Frag' mich jetzt bloss nicht nach Details, oder Programmen/PlugIns, mit denen Du das öffnen kannst - null Ahnung, sorry.. 

Google hilft.


----------



## en2k (4. Juni 2002)

thx, das hilft schon mal weiter!


----------



## Peter Bönnen (4. Juni 2002)

Hi,

vielleicht helfen dir die beiden Tools *ps2bmp* und *ps2gif* auf der Seite unten weiter, wenn Linux/UNIX bei dir irgendwo installiert ist:

http://www.brics.dk/~omoeller/share/#PS2BMP.BASH

Es gibt wohl auch noch *ps2epsi*, das die PostScript Datei in eine von Adobe spezifizierte *Encapsulated PostScript Interchange* Datei umwandelt. Das Tool ist wohl bei *GhostScript* (http://www.cs.wisc.edu/~ghost/) dabei.

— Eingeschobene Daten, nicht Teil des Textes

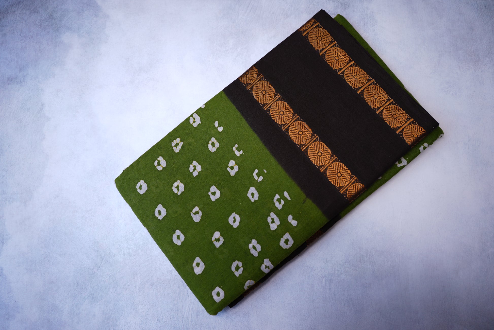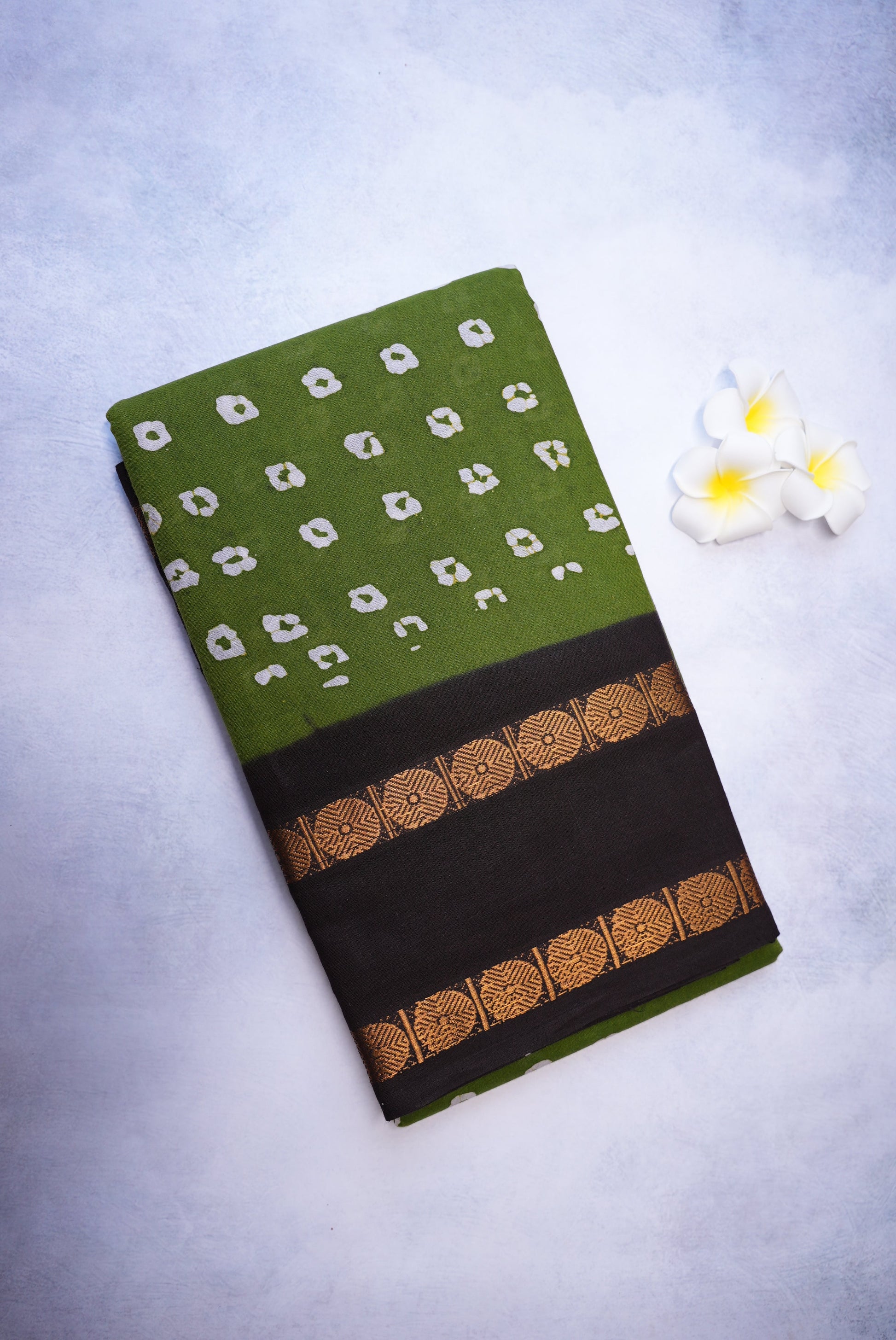 Traditional Batik Print Mehendi Green Block Border Saree with Sungudi Design
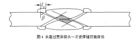焊縫余高過(guò)寬時(shí)會(huì)出現(xiàn)焊縫中部盲區(qū)克服中部盲區(qū)的辦法是增大探頭角度和減小探頭前沿長(zhǎng)度(圖4).
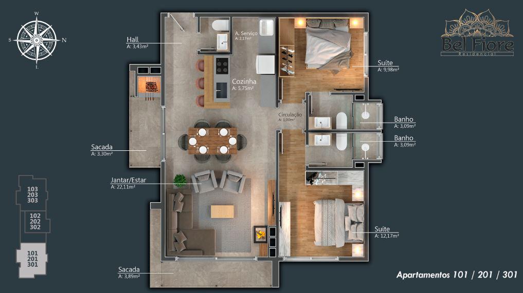 Características: 02 Suítes, Área de Serviço, Cozinha integrada, Espera para água quente, Espera para lareira, Espera para split, Lavabo, Sacada com churrasqueira, Sala de Estar, Sala de Jantar
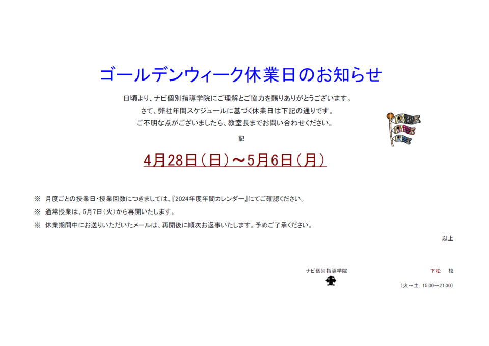 ナビ個別指導学院にご理解とご協力を賜りありがとうございます。
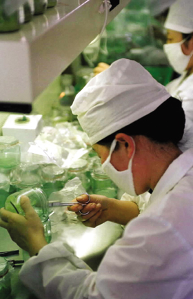 馬鈴薯工程技術研究中心工作人員在研究室培育馬鈴薯脫毒薯苗。本報記者 梁強
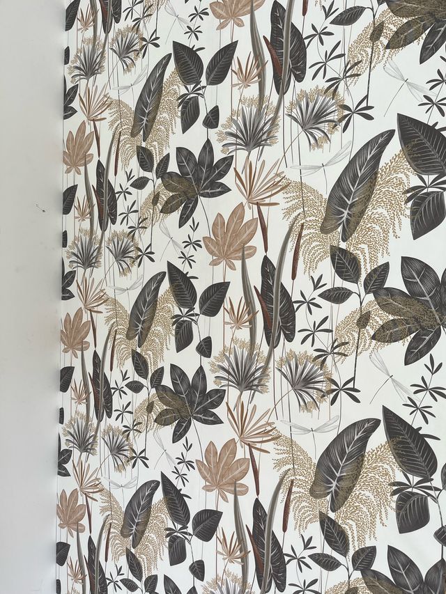 Rollo empezado de papel pintado con un diseño botánico en tonos tierra y grises. - Diseño de hojas y cañas. - 7 metros lineales + retales
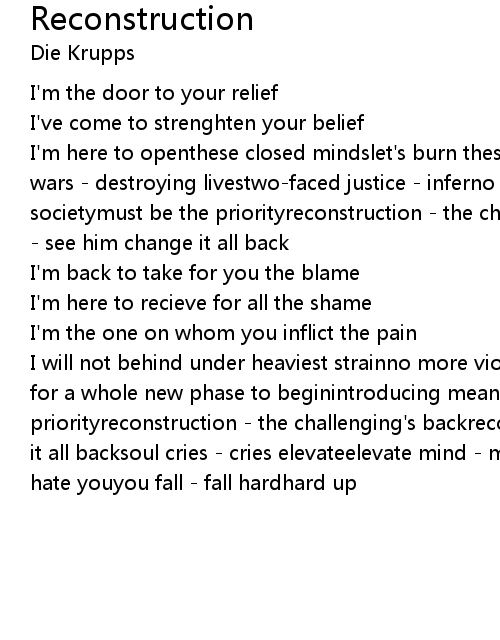 I'm here to openthese closed mindslet's burn these bridges that us blindno more wars - destroying livestwo-faced justice - inferno of liesintroducing meaning to societymust be the priorityreconstruction - the challenging's backreconstruction - see him change it all back |
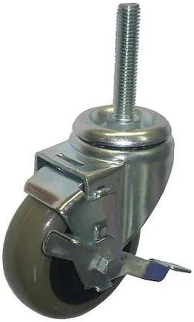 California Proposition 65: This product contains a chemical known to the State of California to cause birth defects or other reproductive harm. Stem Caster, Swivel Caster with Brake, 250 lb Load Rating, 0 to 299 lb, 3 1/2 in Wheel Dia., 1 1/4 in Wheel Width, Polyurethane Wheel/Tread Material, 4 35/64 in Mounting Height, Delrin, 1/2 In. -13 x 2-1/2 in Caster Stem Size, Threaded, Steel Caster Frame Material, Zinc Plated Frame Finish, Yes Non-Marking, 1 Number of Wheels. This item has been restricted from sale in the following state (s): []
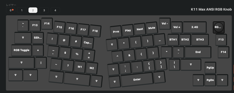 と言うことで、私のK11はレイヤー1でさえデフォルトのキーがほぼない状態なのです
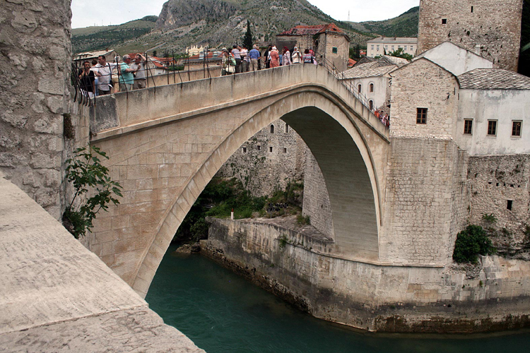 brug en de Neretva liggen in het moslimdeel van de stad. Ten
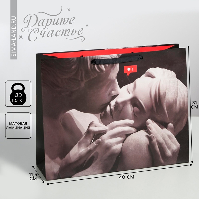 Пакет подарочный ламинированный горизонтальный, упаковка, «Love», L 40 х 31 х 11,5 см

Genaueres kann ich dir aber auch nicht zu dem Dateityp sagen. Hatte selber noch nie damit zu tun.

Gruß, Fluke :smoke:


----------



## en2k (4. Juni 2002)

genau sowas bräucht ich. allerdings hab ich kein linux drauf und auch keins da. aber danke auf jedenfall für den beitrag!

ich hab gerade geschaut, ob es das teil auch für win gibt... schaut aber schlecht aus. falls jemand etwas darüber weiß, bitte mailen!!! is äußerst wichtig!

      ciao, nino


----------



## Peter Bönnen (5. Juni 2002)

Du kannst mir die Datei auch an (E-Mail Adresse herauseditiert) schicken, wenn du willst. Ich probier die beiden Tools aus und schick dir das Ergebnis.

Gruß Fluke :smoke:


----------



## en2k (5. Juni 2002)

hi,

danke für das angebot, aber es sind so um die 20 dateien, die umgewandelt werden müßten. ich sieh zu, daß ich vielleicht das tool für windows auftreibe oder ein plugin finde.

trotzdem danke für deine bemühungen.

ciao, nino


----------



## Peter Bönnen (5. Juni 2002)

Vielleicht hilft PSAlter, das auf folgender Seite verlinkt ist:

http://desktoppub.about.com/cs/postscriptsofware/

Wenn du absolut nichts für Windows findest, hilft eventuell auch Cygwin weiter:

http://www.cygwin.com/mirrors.html

Damit ließen sich die o.g. Tools unter Windows in einer Linux-Bash-Shell ausführen.

EDIT:

ANMERKUNG: Mir sind jetzt einige cps-Dateien zugeschickt worden, die allesamt kein Colored PostScript waren und bei denen mir das wirkliche Format unbekannt geblieben ist. Daher habe ich auch im oberen Post meine E-Mail Adresse entfernt.

Gruß, Fluke


----------